The idea of rational, maximum use of vegetable plants is not new, but, judging by current trends, it does not fade.
With proper planning, you can harvest in the garden until late autumn. And since the choice is getting scanty closer to winter, greens and root vegetables should be used to the maximum.
As a rule, when using vegetables in the kitchen, almost a third of the crop in the form of waste has to be thrown in the trash or sent to compost. And this causes sadness for every gardener, because a lot of effort and time is spent on caring for vegetable plants. That is why the modern trend of “making the most of everything that is edible” resonated with many enthusiasts.
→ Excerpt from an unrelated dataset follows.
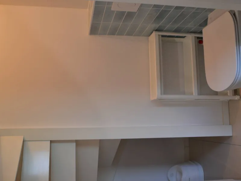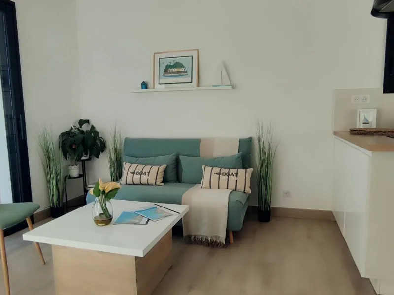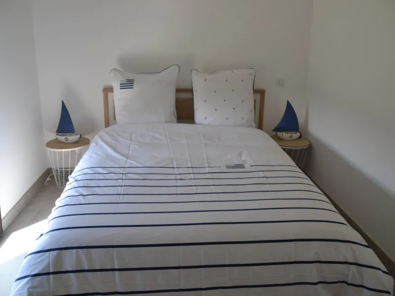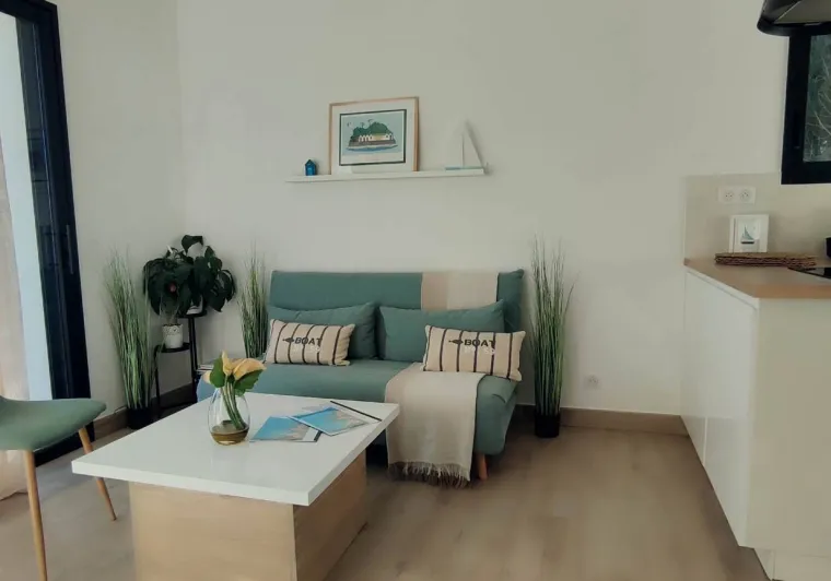 La maison, de conception inversée, propose deux chambres avec lits doubles et une salle d'eau avec douche à l'italienne au rez-de-chaussée, tandis que le salon et la cuisine entièrement équipée se trouvent à l’étage supérieur. Cette disposition permet de profiter pleinement de la vue sur la mer depuis la terrasse commune.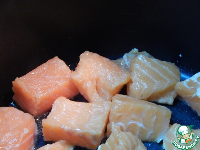 Рыбу нарезаем кубиками размером приблизительно 3х3 см. Включаем мультиварку в режим Поджаривание, растапливаем сливочное масло и выкладываем рыбу. Обжариваем ее 3 минуты. Сбрызгиваем лимонным соком.

Food activists of the fashion trend adopted the motto nose to tail, and in relation to vegetables — leaf to root. It sounds almost revolutionary. In fact, many tips on the rational use of plant waste were in use even among our ancestors, but due to the abundance of products on store shelves, they were simply forgotten. The fact that celery greens, parsley stalks and waste after cleaning leeks or parsnips can be used for making sauces and as spicy greens for soups, every diligent housewife used to know.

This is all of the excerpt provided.